▶ [Try it]
Give the listing below again exactly, but without any of its pictures.

▶ [Source material]
Start of Block
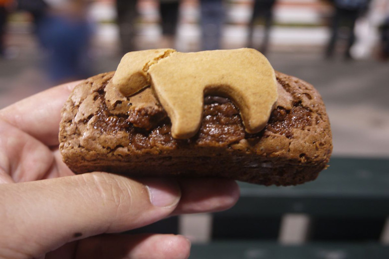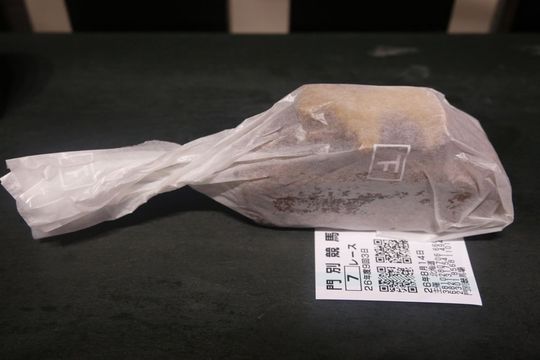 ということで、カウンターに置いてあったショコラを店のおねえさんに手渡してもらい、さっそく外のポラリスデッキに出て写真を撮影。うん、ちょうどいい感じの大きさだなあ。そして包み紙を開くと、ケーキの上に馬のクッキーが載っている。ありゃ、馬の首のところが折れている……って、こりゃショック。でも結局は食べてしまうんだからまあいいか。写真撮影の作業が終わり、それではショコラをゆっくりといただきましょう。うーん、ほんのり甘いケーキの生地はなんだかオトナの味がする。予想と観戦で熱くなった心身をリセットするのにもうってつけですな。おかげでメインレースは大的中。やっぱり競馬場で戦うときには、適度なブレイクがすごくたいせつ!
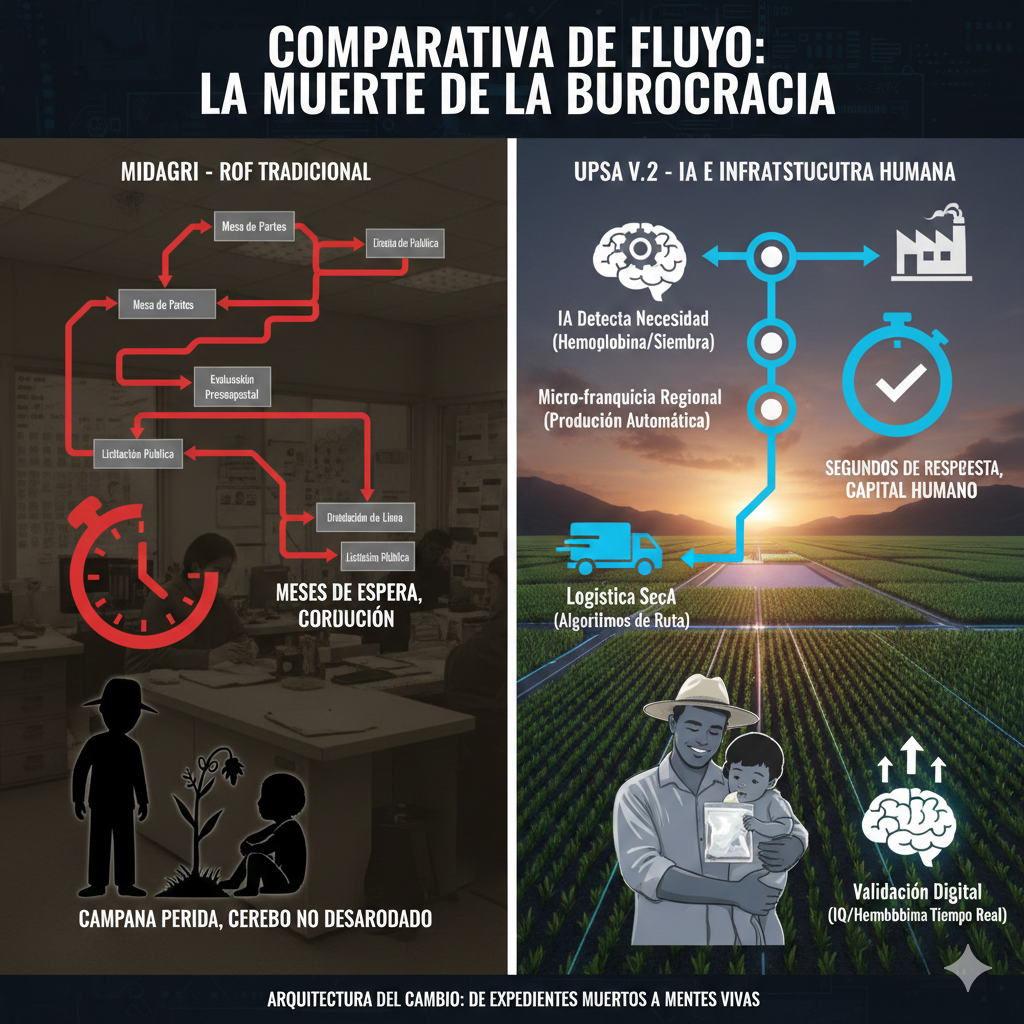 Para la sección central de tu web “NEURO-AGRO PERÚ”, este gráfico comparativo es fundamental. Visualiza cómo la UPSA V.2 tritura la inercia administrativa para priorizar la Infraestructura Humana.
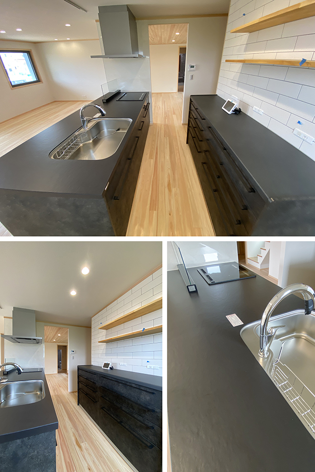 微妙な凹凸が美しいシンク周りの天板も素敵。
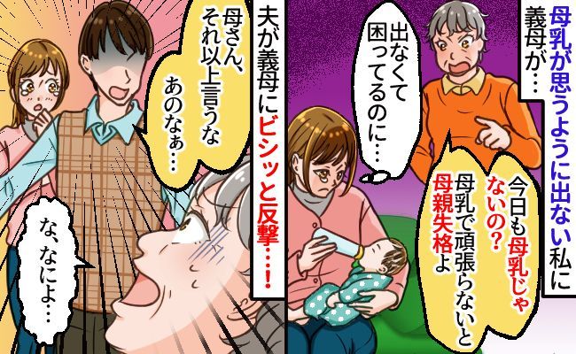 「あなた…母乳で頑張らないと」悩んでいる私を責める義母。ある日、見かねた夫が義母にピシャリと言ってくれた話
End of Block
▶ [Response to the exercise]
 ということで、カウンターに置いてあったショコラを店のおねえさんに手渡してもらい、さっそく外のポラリスデッキに出て写真を撮影。うん、ちょうどいい感じの大きさだなあ。そして包み紙を開くと、ケーキの上に馬のクッキーが載っている。ありゃ、馬の首のところが折れている……って、こりゃショック。でも結局は食べてしまうんだからまあいいか。写真撮影の作業が終わり、それではショコラをゆっくりといただきましょう。うーん、ほんのり甘いケーキの生地はなんだかオトナの味がする。予想と観戦で熱くなった心身をリセットするのにもうってつけですな。おかげでメインレースは大的中。やっぱり競馬場で戦うときには、適度なブレイクがすごくたいせつ!
 Para la sección central de tu web “NEURO-AGRO PERÚ”, este gráfico comparativo es fundamental. Visualiza cómo la UPSA V.2 tritura la inercia administrativa para priorizar la Infraestructura Humana.
 微妙な凹凸が美しいシンク周りの天板も素敵。
 「あなた…母乳で頑張らないと」悩んでいる私を責める義母。ある日、見かねた夫が義母にピシャリと言ってくれた話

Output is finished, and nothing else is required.